Alfred Hershey and Marsha Chase

-Alfred Hershey and Martha Chase did the Hershey-Chase blender experiment that proved phage DNA, and not protein, was the genetic material. Alfred Hershey was born in Owosso, Michigan. He graduated from Michigan State in 1930 with a B.S., and in 1934 with a Ph.D. After his Ph.D., Hershey accepted a position at the Washington University School of Medicine in the Department of Bacteriology, where he started working on bacteriophage.

-At the time, there weren't many people working on bacteriophage. Two other scientists who read Hershey's papers, Max Delbrück and Salvador Luria, were collaborating on experiments using bacteriophage. In 1943, Delbrück invited Hershey to Nashville to visit his lab. In 1946, working with Delbrück, Hershey discovered that phage can recombine when co-infected into a bacteria host. This led to a new area of phage genetics.

-As leading researchers in the field of bacteriophage, Delbrück, Luria, and Hershey established the American Phage Group which had a tremendous influence on bacteriophage research.

Hershey stayed at the Washington University School of Medicine until 1950. He then accepted a position from the Carnegie Institution of Washington's Department of Genetics at Cold Spring Harbor.
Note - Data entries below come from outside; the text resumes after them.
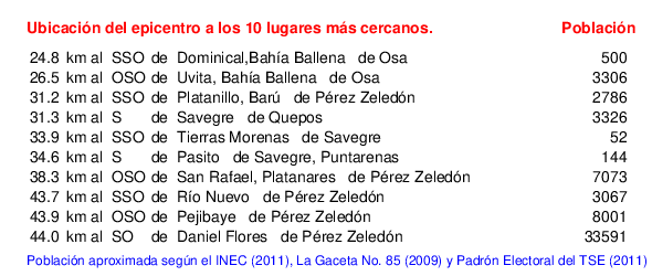 Lugares más cercanos al epicentro
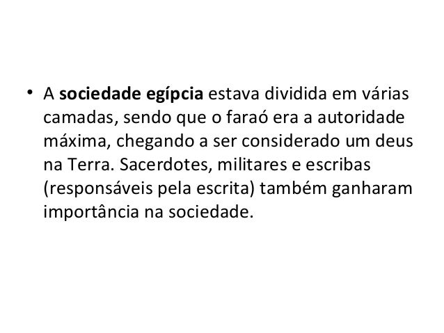 48. 48. • A sociedade egípcia estava dividida em várias camadas, sendo que o faraó era a autoridade máxima, chegando a ser considerado um deus na Terra. Sacerdotes, militares e escribas (responsáveis pela escrita) também ganharam importância na sociedade.
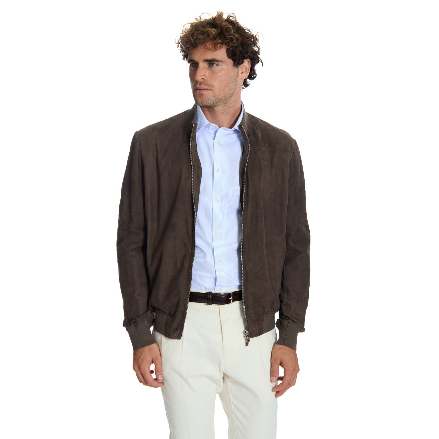 Unlined Soft suede leather jacket. Standing collar with two pockets embellished with iconic micro design printed of E. Marinella Maison. Knitted hem and cuffs. A great fusion of style.
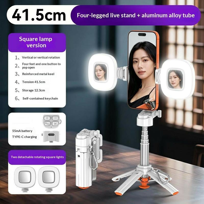 Samoczynnie rozkładane nogi statywu zapewniają szybką stabilność po rozłożeniu, a wysuwana konstrukcja i obrotowy uchwyt na telefon ułatwiają zmianę kątów i formatów ujęć. Dołączony pilot Bluetooth pozwala robić zdjęcia bez użycia rąk, a podwójne kwadratowe lampy wypełniające zapewniają dodatkową jasność podczas selfie, rozmów wideo i nagrań.
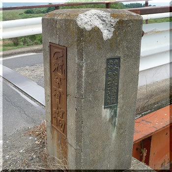 旧橋には標柱があり、橋名や竣工日等が銘板に記され取り付けられてました。また途中の橋桁にも銘板が付けられており、記載された年月から改めて橋が段階的に建設されたことが推測できます。
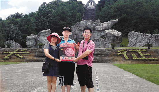 在红军长征突破湘江战役纪念公园(简称“湘江战役纪念公园”) 耗资4800万元新建成的纪念馆门口,来自广东的温斌一家人正在合影留念。这一家三口今年7月16日从广州环市东路出发,开始了半个月的“重走长征路”行程。
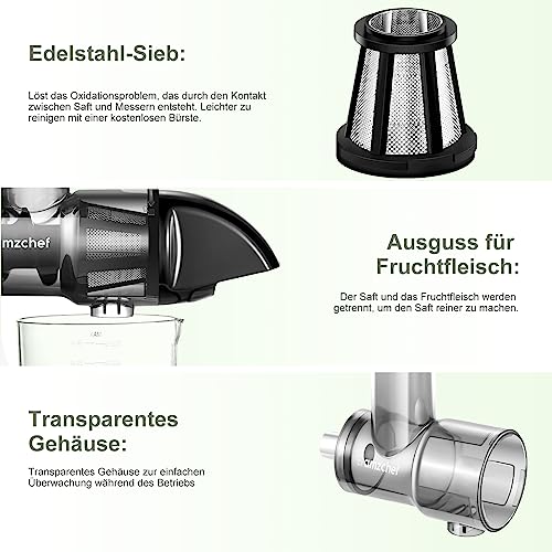 - ✔[Maximale Ausbeute an reinem Saft] - Hochgradig zerkleinernde Extraktion mit ultrahoher Saftausbeute dank der 7-stufigen Schnecke. Der hochdichte Edelstahlfilter ermöglicht eine perfekte Abtrennung des Bodensatzes und extrahiert reinen Saft in einem Schritt, so dass Sie den ursprünglichen Geschmack und das Aroma genießen können.

Here he and Martha Chase did the Hershey-Chase blender experiment. For this, and his body of work on bacteriophage, Hershey shared the 1969 Nobel Prize for Physiology and Medicine with Max Delbrück and Salvador Luria.
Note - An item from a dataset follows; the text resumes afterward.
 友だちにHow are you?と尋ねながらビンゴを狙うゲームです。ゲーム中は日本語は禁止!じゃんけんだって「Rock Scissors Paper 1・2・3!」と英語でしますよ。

-In 1962, Hershey became the Director of the Genetics Research Unit at Cold Spring Harbor Laboratory. His lab continued to work on bacteriophage, focusing on phage recombination and genetics. In 1974, Hershey retired, though he was still a regular visitor to Cold Spring Harbor Laboratory. In 1979, a building on the grounds was dedicated to him.

Hershey was known to be an excellent writer and editor. His papers were clear and concise and he helped other scientists learn the craft of scientific writing. He enjoyed gardening and woodworking, as well as classical music. In the early 80s, he became interested in computers and used them to catalog his classical music collection. He was busy, active, and still learning even in retirement.

James Watson and Francis crick

-In 1951, James Watson visited Cambridge University and happened to meet Francis Crick. Despite an age difference of 12 years, the pair immediately hit it off and Watson remained at the university to study the structure of DNA at Cavendish Laboratory.

-Using available X-ray data and model building, they were able to solve the puzzle that had baffled scientists for decades. They published the now-famous paper in Nature in April, 1953 and in 1962 they were awarded the Nobel Prize for Physiology or Medicine along with Maurice Wilkins.

-Despite the fact that her photographs had been critical to Watson and Crick's solution, Rosalind Franklin was not honoured, as only three scientists could share the prize. She died in 1958, after a short battle with cancer.